I connected a voltage dropping capacitor in series with 220v AC supply and I measured the output voltage and it was 220 v too. I was expecting to get a voltage that is less than 220 volts. Did I make a mistake or the capacitor doesn't work ? I just want to test the capacitor before making the rectifier and load circuit.
One more thing, It is written on the capacitor 822j does that mean it is 8200 pF ?
It is about 0.9 uF when I measure it.
I know it is a dangerous circuit and I should use a transformer but I would like to make a transformer less power supply.
Thank you very much,
Best Answer
Lets look at this another way. What is the voltage at the terminals of this circuit:
simulate this circuit – Schematic created using CircuitLab
Will the voltage drop? Simple answer: no. Long answer: Well there is no load on it, so no current flowing, so by Ohm's law, no voltage drop across the resistor.
The same is true for your capacitor, there is no current flow, so no voltage drop across it's reactance.

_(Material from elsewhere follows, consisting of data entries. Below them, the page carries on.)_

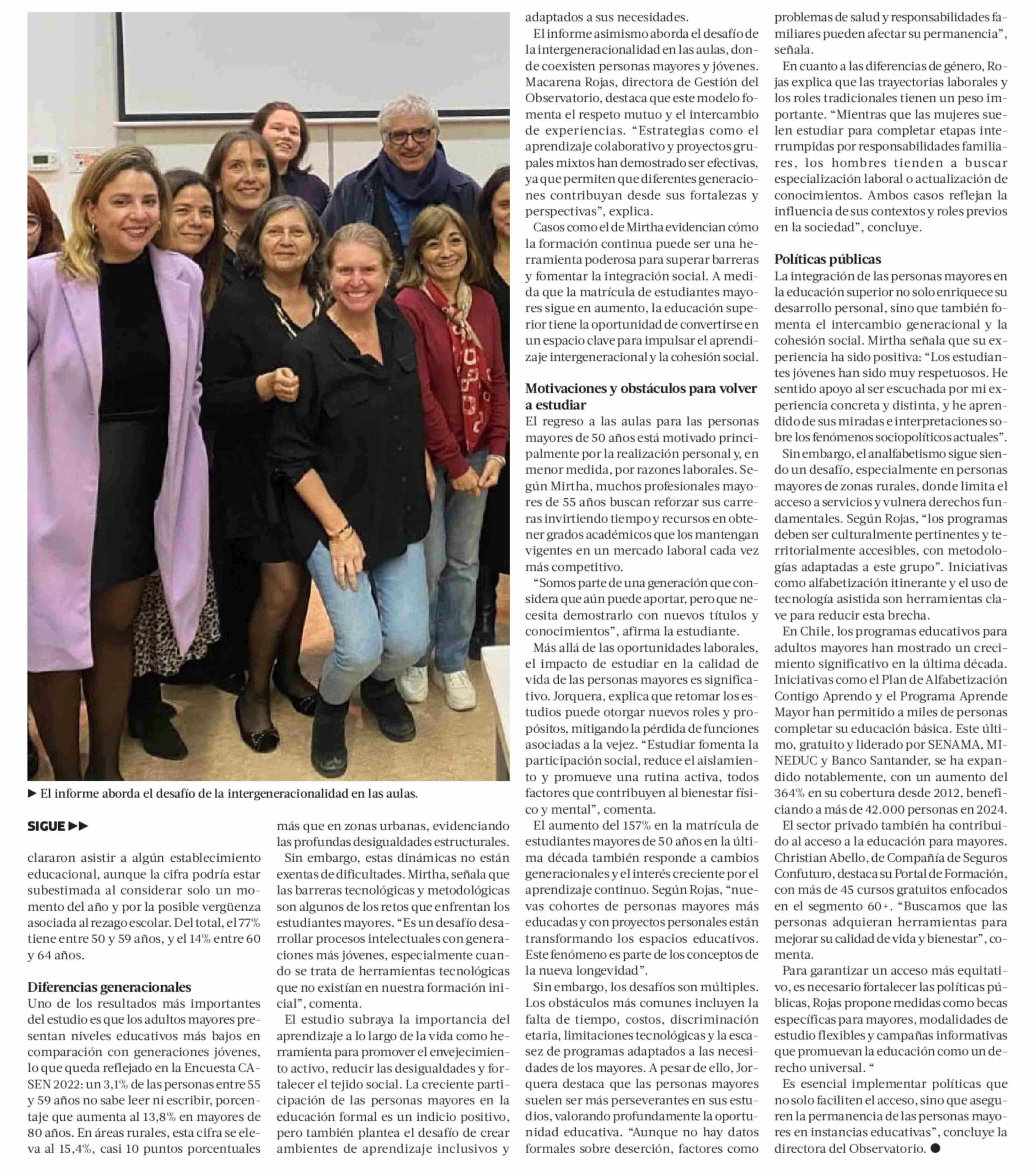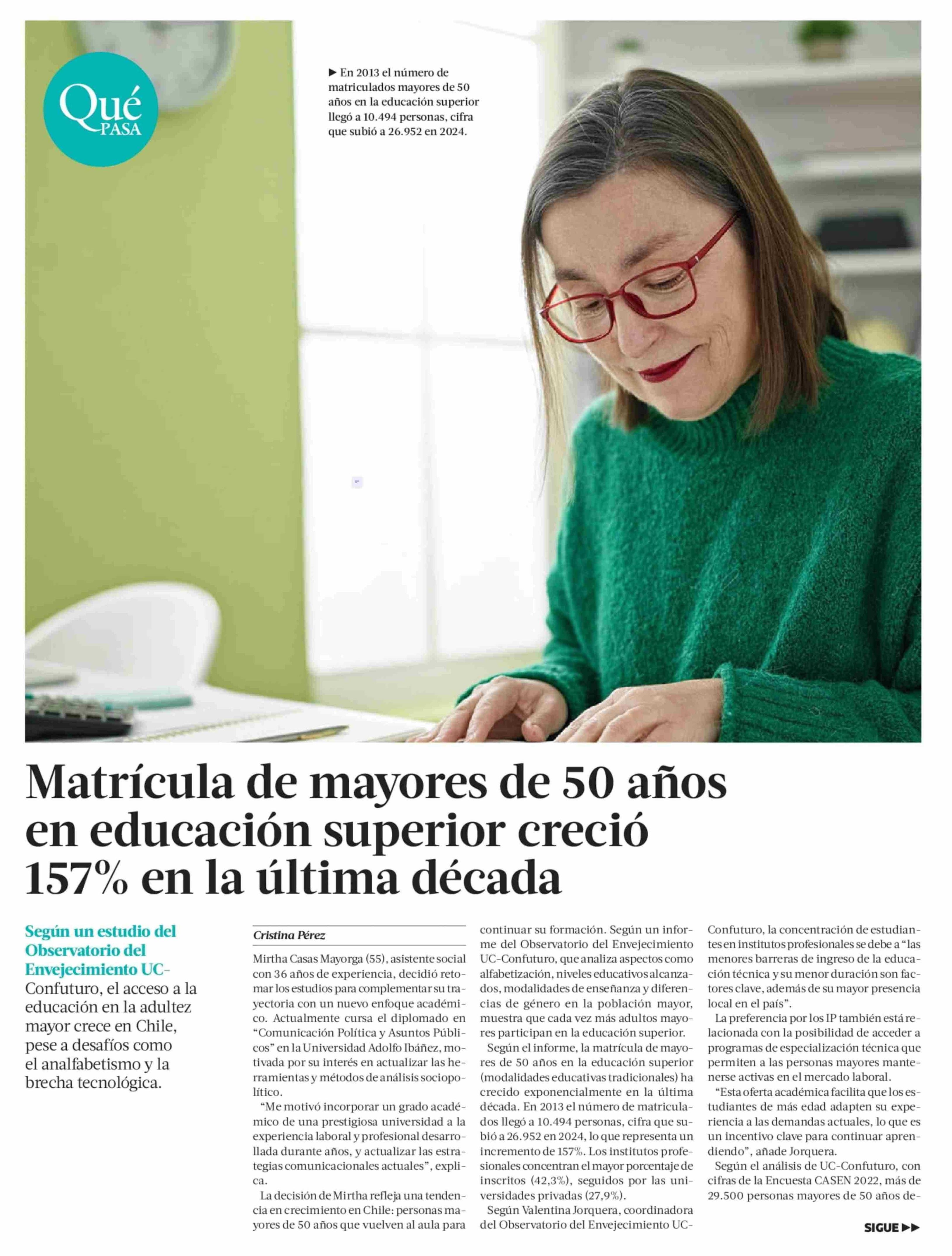 Matrícula de mayores de 50 años en educación superior creció 157% en la última década 24-01-2025 La Tercera |
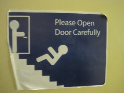 The parking garage near the hotel had this. The sign outside the door said "Please Use Other Doors". Yeah, that first step, she's a doozy.
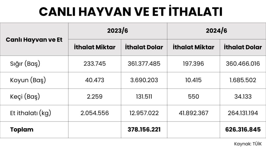Kriz sonrası Tarım ve Orman Bakanlığı hayvancılık krizini durdurmak yerine ithalatı bir çözüm olarak gördü. Geçen yıl 818 bin büyükbaş, 53 bin küçükbaş hayvan ve 34 bin tondan fazla et ithal edilmesine izin verdi. Bu ithalatlara toplamda 1,4 milyar dolar ödeme yapıldı. Ancak bu yıl bakanlık tek yetkili olarak Et ve Süt Kurumu aracılığıyla 600 bin baş canlı hayvan ithal edileceğini duyurdu. 2024 yılının ilk altı ayında 197 bin büyükbaş hayvan ithalatına 11 milyar lira (360 milyon dolar), 11 bin küçükbaş ithalatına 55 milyon lira (1,7 milyon dolar) ve 42 bin ton et ithalatına 8,2 milyar lira (264 milyon dolar) ödeme yapıldı.
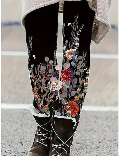 Mujer Pantalones Polainas Leggings cómodos Ropa de calle Casual Longitud total Alta cintura Floral Cintura elástica Estampado Transpirabilidad Cómodo Elástico Vacaciones Calle Ropa Cotidiana Rojo
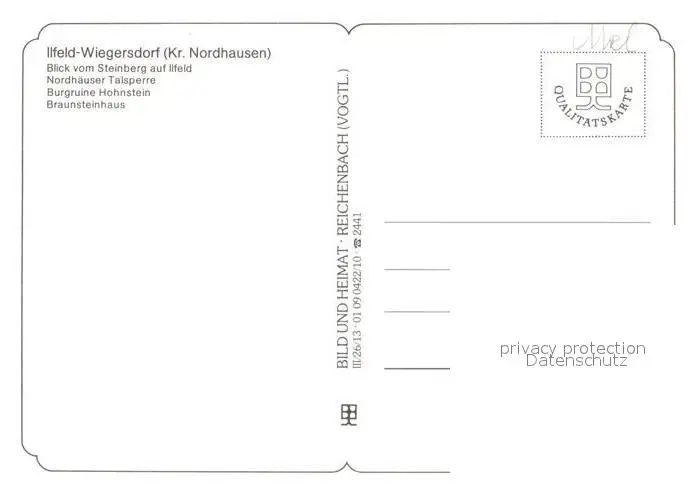 Ilfeld_Suedharz Blick vom Steinberg Nordhaeuser Talsperre Burgruine Hohnstein Braunsteinhaus Ilfeld Suedharz postalisch nicht gelaufen nach 1965 Erhaltung siehe scans [WerneD78] WernPID7

Now what a capacitor will do in an AC circuit if you have a load on it, is to limit the current flowing, which it can do without dissipating large amounts of power like a normal resistor would - it stores and releases charge. That doesn't mean to say it won't heat up, there are losses in it which limit how much power it can safely transfer. It will also change the power factor a long way from unity which can be bad for whatever is supplying your mains voltage (increased losses in transformers and transmission lines, etc.).
Using a capacitor in this way means you would be building a potential divider circuit with whatever you connect, so it won't be a very good regulator. With little load the voltage will go up (no load = open circuit = full mains voltage), and if you put a large load the voltage will drop as more and more voltage is dropped over the capacitor (so high enough rated X series capacitor!).